- Work required: In the listing that follows, find the line with "குறுகிய சாலையில் அதிகப்படியான", then copy exactly from it through the line with "A 35 mm slide", leaving out every picture.

- Records shown:
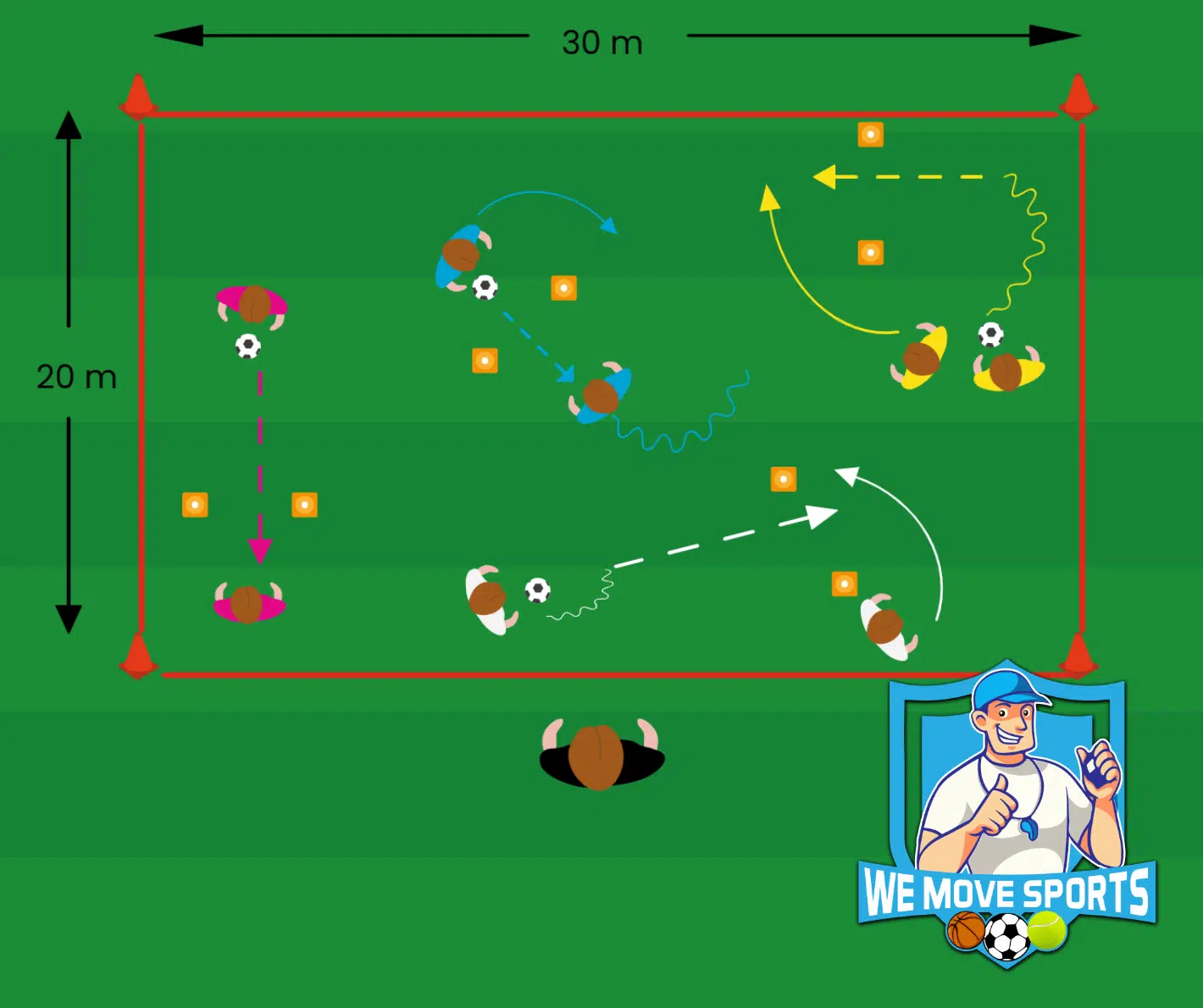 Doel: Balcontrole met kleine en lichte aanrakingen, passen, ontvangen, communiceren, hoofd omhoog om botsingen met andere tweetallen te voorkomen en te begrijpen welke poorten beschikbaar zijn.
--
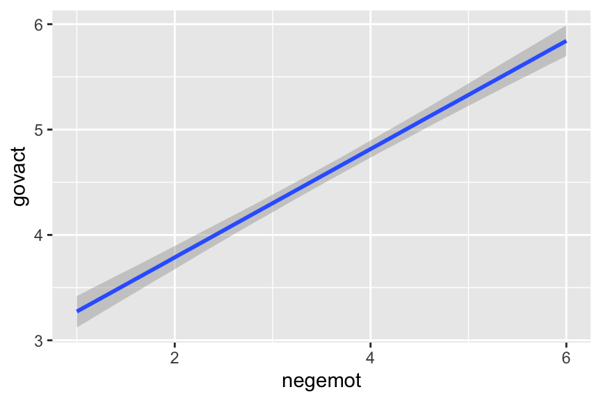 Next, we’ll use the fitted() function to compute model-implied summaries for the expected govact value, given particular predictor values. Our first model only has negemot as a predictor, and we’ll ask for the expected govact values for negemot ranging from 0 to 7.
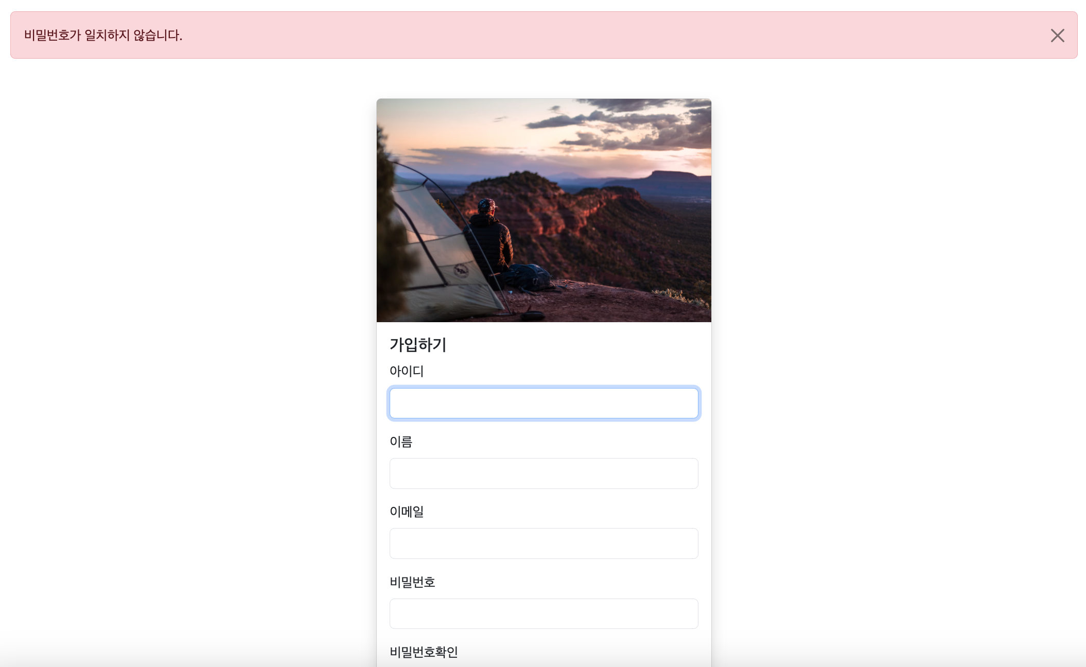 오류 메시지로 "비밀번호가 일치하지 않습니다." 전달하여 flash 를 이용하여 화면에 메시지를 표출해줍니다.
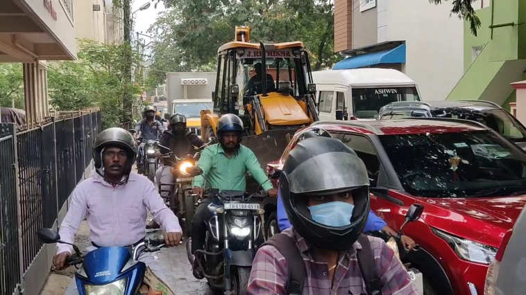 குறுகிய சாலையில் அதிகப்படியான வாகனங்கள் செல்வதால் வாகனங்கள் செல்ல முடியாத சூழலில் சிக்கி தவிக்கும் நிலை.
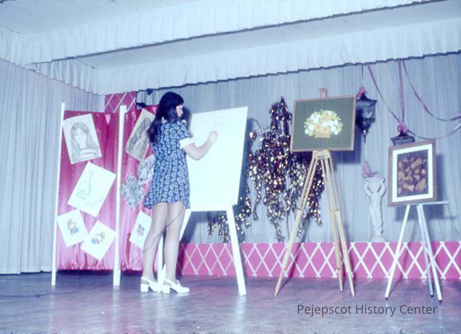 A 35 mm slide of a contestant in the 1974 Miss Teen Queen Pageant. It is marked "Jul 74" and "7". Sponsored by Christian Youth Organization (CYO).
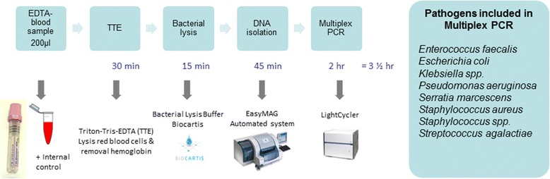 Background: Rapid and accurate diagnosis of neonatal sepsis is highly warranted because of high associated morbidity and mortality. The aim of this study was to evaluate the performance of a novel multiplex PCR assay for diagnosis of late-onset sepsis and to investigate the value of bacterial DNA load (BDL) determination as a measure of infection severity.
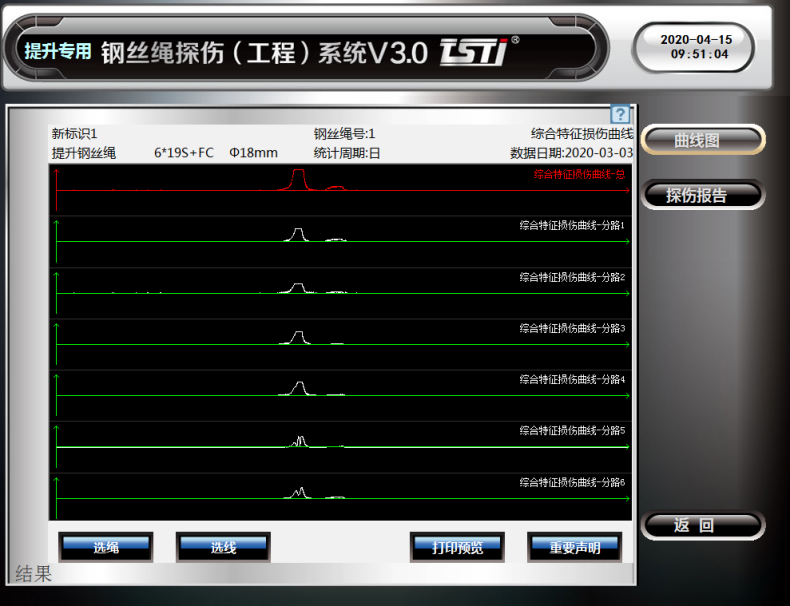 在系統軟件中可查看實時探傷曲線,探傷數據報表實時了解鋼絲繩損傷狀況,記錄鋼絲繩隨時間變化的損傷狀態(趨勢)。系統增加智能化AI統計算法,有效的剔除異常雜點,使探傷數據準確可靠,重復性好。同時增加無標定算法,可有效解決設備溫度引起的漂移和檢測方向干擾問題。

- Result of this task:
 குறுகிய சாலையில் அதிகப்படியான வாகனங்கள் செல்வதால் வாகனங்கள் செல்ல முடியாத சூழலில் சிக்கி தவிக்கும் நிலை.
 A 35 mm slide of a contestant in the 1974 Miss Teen Queen Pageant. It is marked "Jul 74" and "7". Sponsored by Christian Youth Organization (CYO).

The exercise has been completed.